So the feasible set is parameterized by \(p = \pi_1 = \pi_3 \in [0, 1/2]\), with \(\pi_2 = 1 - 2p\).

Objective. The expected squared return is:

\[ \mathbb{E}[c] = (90 - 100)^2 \pi_1 + (100 - 100)^2 \pi_2 + (110 - 100)^2 \pi_3 = 100p + 0 + 100p = 200p \]

Minimum: \(p = 0\), giving \(\pi = (0, 1, 0)\), i.e., \(S_T = 100\) a.s., with \(\mathbb{E}[c] = 0\). This is the degenerate model with zero volatility.

Maximum: \(p = 1/2\), giving \(\pi = (1/2, 0, 1/2)\), i.e., \(S_T \in \{90, 110\}\) with equal probability, with \(\mathbb{E}[c] = 100\). This is the model with maximum volatility.

Financial interpretation:

  • The minimum (\(\pi = \delta_{(100, 100)}\)) corresponds to a model with no uncertainty: the stock stays at 100 with certainty. The squared return is zero.
  • The maximum (\(\pi = \frac{1}{2}\delta_{(100, 90)} + \frac{1}{2}\delta_{(100, 110)}\)) corresponds to a model with maximum binary uncertainty: the stock either drops to 90 or rises to 110 with equal probability. This maximizes the variance of returns and represents the worst-case scenario for variance risk.
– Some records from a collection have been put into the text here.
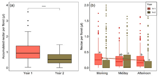 (a) Amount of nectar accumulated in individual florets in pollinator-excluded flower-heads of M. subulata over the last two years of the Chilean mega drought (Yr-1, N = 88; Yr-2, N = 77). The four asterisks (****) indicate a significant difference between years (p < 0.0001) based on the Mann–Whitney U-test. (b) Nectar standing crop per floret for the two years over different periods of the day (Yr-1, N = 735; Yr-2, N = 570). Outliers (values higher than 1.5 times the interquartile range above the upper quartile) are shown as dots. Four outliers were excluded from (b) to facilitate visual presentation. Note that these outliers were not excluded from the statistical analysis. Lower case letters indicate significant differences (p < 0.05) according to Dunn’s test.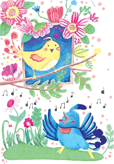 插画狮:《春天的歌》杭州江南实验学校一(1)班 朱晴方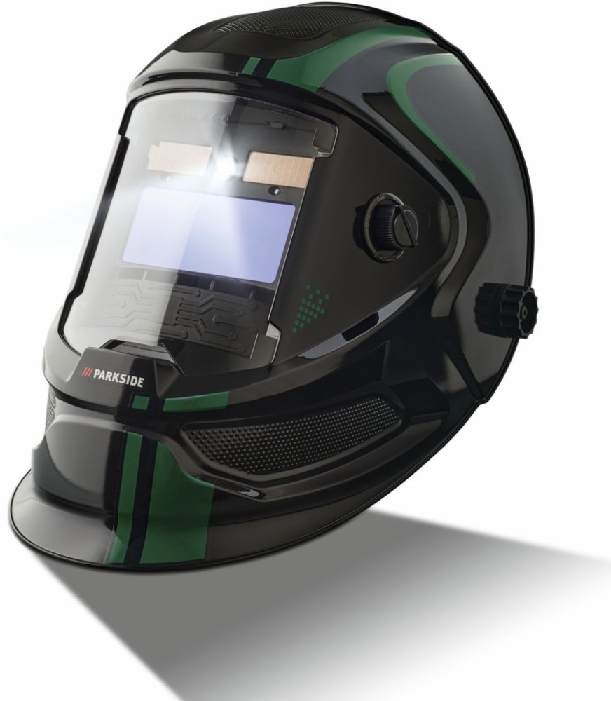 Parkside® Samozatmívací svářečská kukla s LED osvětlením Pshl 2 D1 Integrované LED osvětlení pracovního prostoru – samostatně zapínatelné Filtr True color pro realistické zobrazení barev s vysokým pohodlím při práci Vhodná pro všechny běžné svařovací postupy Automatické ztmavení při zažehnutí svařovacího oblouku Senzorem řízený systém s velmi krátkou reakční dobou (Din EN 379, třída 1.1.1.2.) Automaticky řízené stínění – pro pohodlnou práci bez přerušení Variabilně nastavitelná citlivost a doba zesvětlení Automatické zesvětlení po ukončení sváření Plynule nastavitelný ochranný stupeň DIN pomocí bočního nastavovacího kolečka Nastavitelná také pro létající jiskry při broušení Extra nízká hmotnost a nastavitelný hlavový oblouk Vhodná pro teplotu prostředí od –5 do 55 °C Použití: vhodná pro všechny běžné svařovací postupy Ochrana Uv/Ir: DIN 16 Včetně 2 baterií (1,5 V / Lr03, Aaa) Nastavitelný ochranný stupeň Din: 5–9 / 9–13 Technické údaje Rychlost zatemnění: 0,0004 s (podle EN 379) Rozměry Průhled: cca 9,2 x 4,2 cm Černá varianta: cca 31,7 x 24,4 x 21,2 cm Varianta plameny / černá: cca 33,7 x 25,4 x 21,3 cm Hmotnost Černá varianta: cca 520 g Varianta plameny / černá: cca 580 g

Exercise 4. Show that the Kantorovich dual for the classical optimal transport problem with cost \(c(x,y) = |x - y|^2\) recovers the identity

\[ W_2^2(\mu, \nu) = \int x^2 \, d\mu + \int y^2 \, d\nu - 2 \sup_{\phi} \left\{ \int \phi \, d\mu + \int \phi^* \, d\nu \right\} \]

where \(\phi^*\) is the convex conjugate of \(\phi\). Explain why this identity does not directly apply in the martingale optimal transport setting.

Solution to Exercise 4

Deriving the identity. For \(c(x,y) = |x - y|^2 = x^2 - 2xy + y^2\), the Kantorovich problem is:

\[ W_2^2(\mu, \nu) = \inf_{\pi \in \Pi(\mu, \nu)} \int (x^2 - 2xy + y^2) \, d\pi(x, y) \]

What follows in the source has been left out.